START Data for this exercise

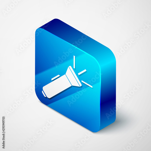 Isometric Flashlight icon isolated on white background. Blue square button. Vector Illustration
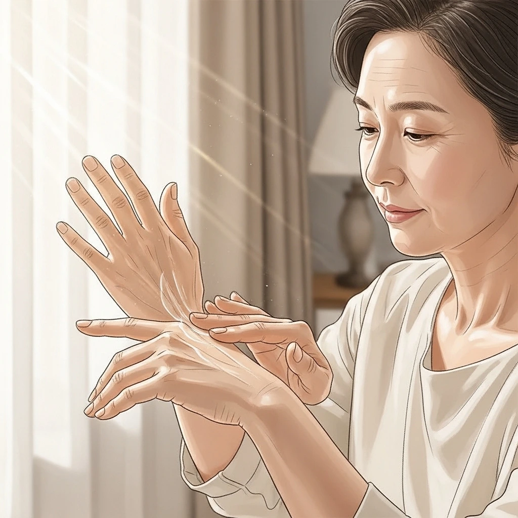 주름진 손등에 로션을 바르며 천천히 문지른다.
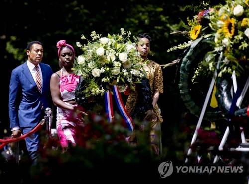 epa10045853 Franc Weerwind (L), Minister for Legal Protection, attends a ceremony at the National Monument to Slavery Past, during the national commemoration of the Dutch slavery past in Amsterdam, The Netherlands, 01 July 2022. On 01 July 1863, slavery was abolished by law in Suriname and the Caribbean part of the Dutch Kingdom. EPA/KOEN VAN WEEL
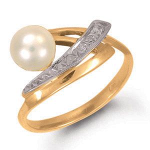 Кольцо из комбинированного золота 585 пробы с 1 белой жемчужиной и 3 цирконами
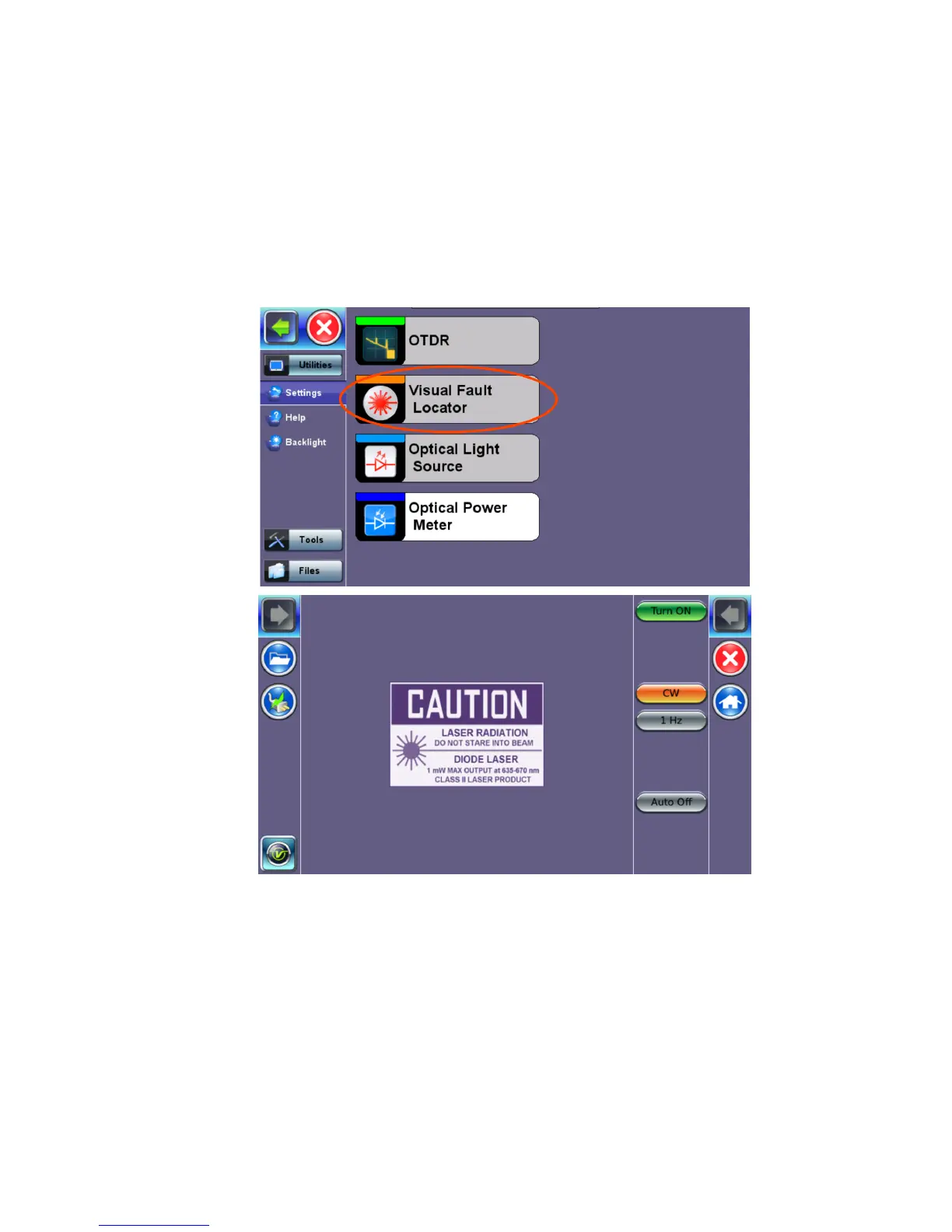 4. Press Visual Fault Locator on the main menu. The Caution screen appears.
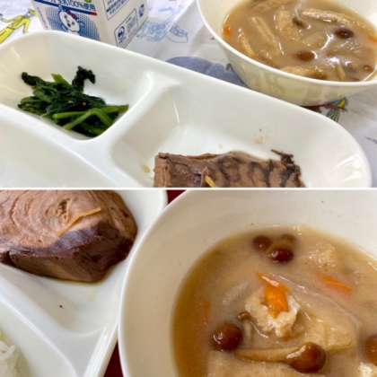 今日の給食は、なまりぶしのしょうが煮、なめこの味噌汁、ほうれん草のごまあえでした。かつおのなまりぶしは好評で、おかわりをする子がたくさんいました。ご飯がすすむ献立でした。
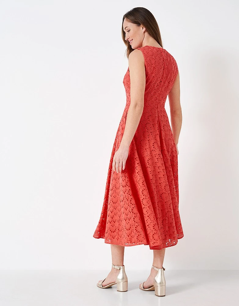 Endlessly swishable, our Bowline dress in cayenne red is perfect for all your summer events. We’ve added classic broderie to elevate the classic design, and made it in two dress lengths – this version is slightly longer. The best part? It has pockets. Pair with a cardigan when the sun goes in – it’s simply elegant.
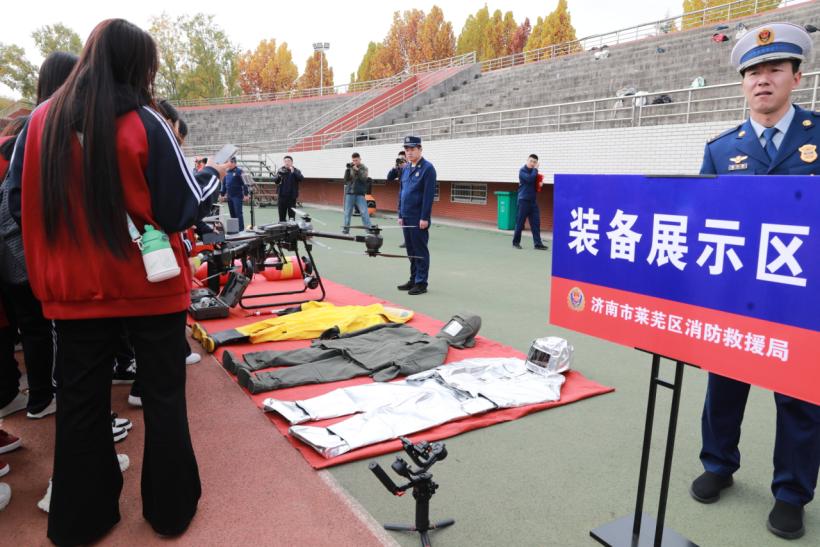 11月6日上午,莱芜区2025年消防安全宣传月启动仪式在学校操场举行。济南市市消防救援支队党委委员、副支队长尤胜,莱芜区委常委、副区长付华,莱芜区应急局党委书记、局长高立杰,莱芜区区委教育工委常务副书记,区教育和体育局党组书记、局长方威,学校党委副书记、院长杨洪涛,学校党委委员、副院长周美栋出席启动仪式。启动仪式由高立杰主持。
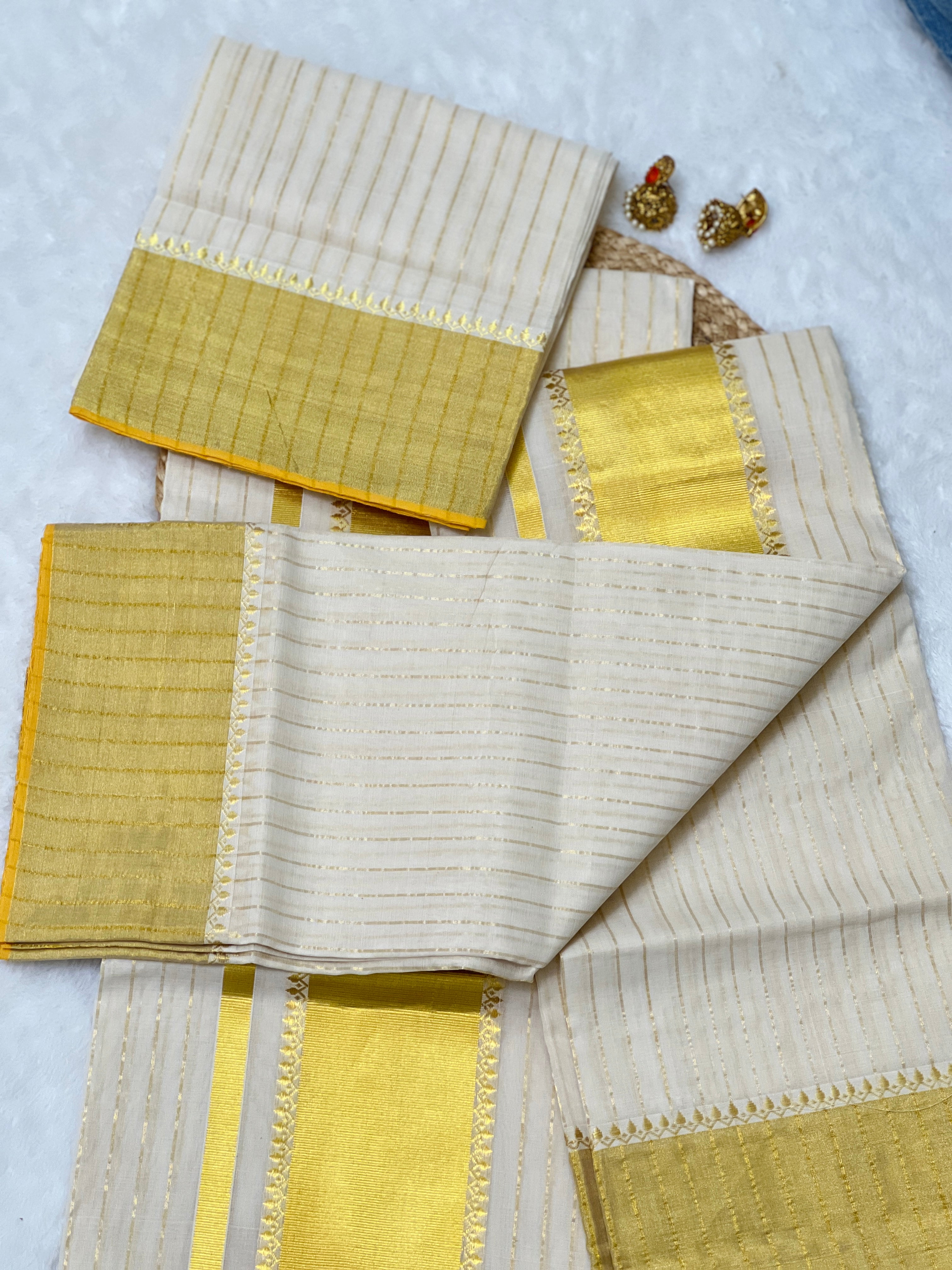 - Style: Handloom, Stripe Weaving Pattern , Golden Kasavu Border Detailing
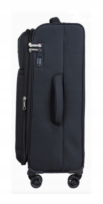 Модель можно переносить в руке за ручки, расположенные как сбоку, так и сверху чемодана (размер для салона имеет только верхнюю ручку). Кроме того, он имеет регулируемую раму, которая позволяет регулировать высоту ручки в соответствии с вашими индивидуальными потребностями. Благодаря маневренному шасси чемодан можно легко переместить в другое место независимо от качества дорожного покрытия. Четыре двойных поворотных колеса на 360* облегчают маневрирование чемодана во время движения. Дополнительно большие и средние чемоданы имеют следующее удобство: две большие защитные ножки, расположенные с правой стороны.
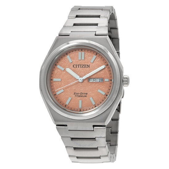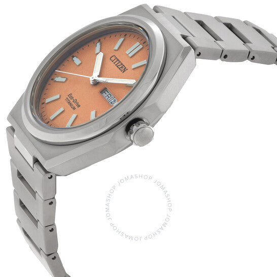 علبة وسوار من التيتانيوم الفائق فضي اللون. إطار ثابت من التيتانيوم الفائق فضي اللون. ميناء برتقالي مع عقارب وعلامات ساعات فضية اللون. علامات دقائق حول الحافة الخارجية. نوع الميناء: تناظري. عرض يوم الأسبوع والتاريخ عند موضع الساعة 3. حركة سيتيزن كاليبر إيكو-درايف J800 إيكو-درايف. كريستال ياقوتي مقاوم للخدش. غطاء خلفي صلب. شكل العلبة دائري، مقاسها: 39.5 مم، سمكها: 9.8 مم. مشبك قابل للطي مع مفتاح أمان. مقاومة للماء حتى عمق 100 متر / 330 قدمًا. الوظائف: التاريخ، اليوم، الساعة، الدقيقة، الثانية، تعمل بالطاقة الشمسية. سلسلة زينشين بثلاثة عقارب. طراز ساعة رسمية. علامة الساعة: جابان موف. ساعة سيتيزن زينشين للرجال بثلاثة عقارب بمينا برتقالي، AW0130-85Z.
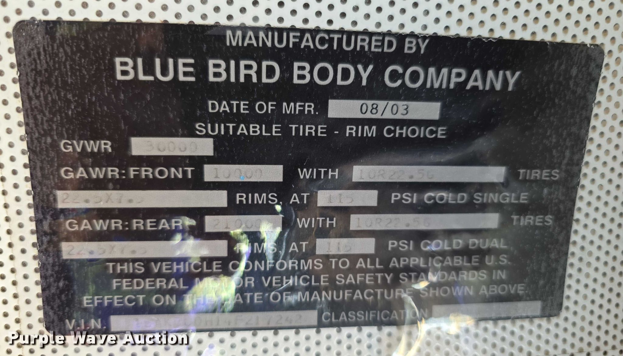 Take a look at this used 2004 Bluebird school bus being sold on December 16th, 2025 in the Tuesday December 16 Government Auction made by Bluebird. Take a look at all of the item information below or take a look at similar auctions for Transit Vehicles.
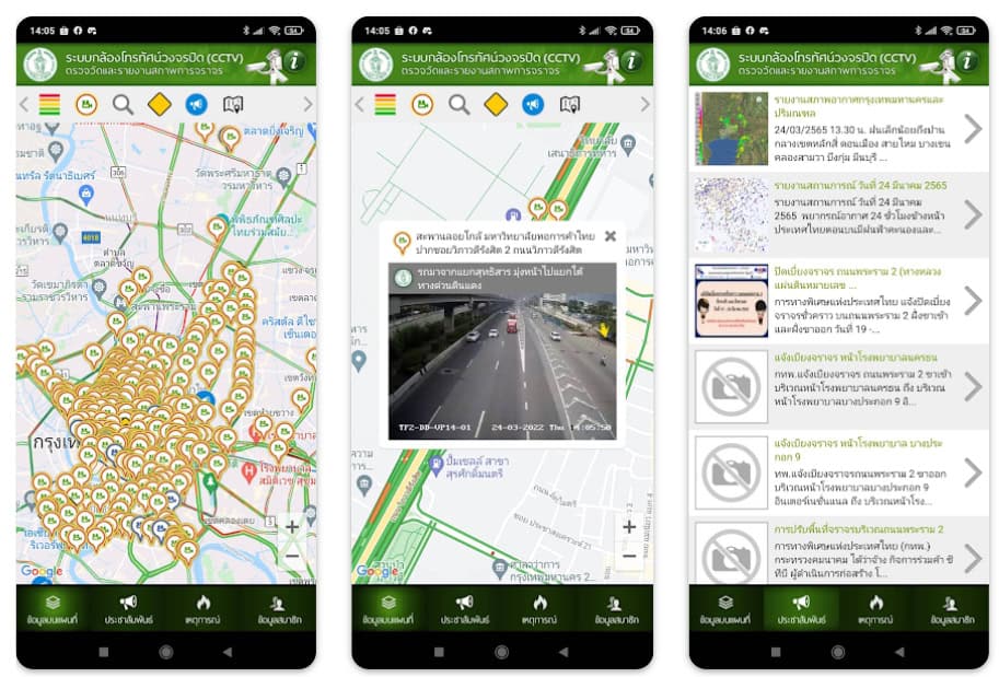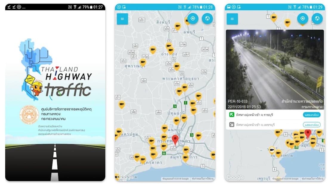 - เพียงเข้าเว็บไซต์ highwaytraffic.go.th ก็จะแสดงเป็นแผนที่ประเทศไทย พร้อมไอคอนรูปดาวแทนกล้อง CCTV นั่นเอง เมื่อคลิกที่ดาว จะแสดงวิดีโอ CCTV ที่อัปเดตตลอดเวลาให้คุณชมด้วย นอกจากนี้ยังมีเวอร์ชั่นแอปด้วยชื่อ Highway Traffic เช่นกัน ดาวน์โหลดได้ทั้งบน App Store สำหรับ iOS และ Play Store สำหรับ Android โดยเมื่อแตะที่หมุดที่มีไอคอนกล้อง ก็จะเห็นถนนและรถที่แล่นผ่านเห็นสภาพจราจรบริเวณนั้นทันที เหมาะสำหรับผู้ที่เดินทางไกลข้ามจังหวัด หรือผู้ที่อยู่ใกล้ทางหลวง ซึ่งจะเห็นสภาพจราจรชัดเจนผ่าน CCTV ที่ติดตามทางหลวง นอกจากนี้ยังใช้วางแผนทางเดินทางท่องเที่ยวช่วงหยุดยาวด้วย

END Data for this exercise

→ Activity:
Please return exactly the lines above, from where the listing starts to the line holding "주름진 손등에 로션을 바르며 천천히 문지른다.", inclusive, with the pictures omitted.

→ Task solution:
 Isometric Flashlight icon isolated on white background. Blue square button. Vector Illustration
 주름진 손등에 로션을 바르며 천천히 문지른다.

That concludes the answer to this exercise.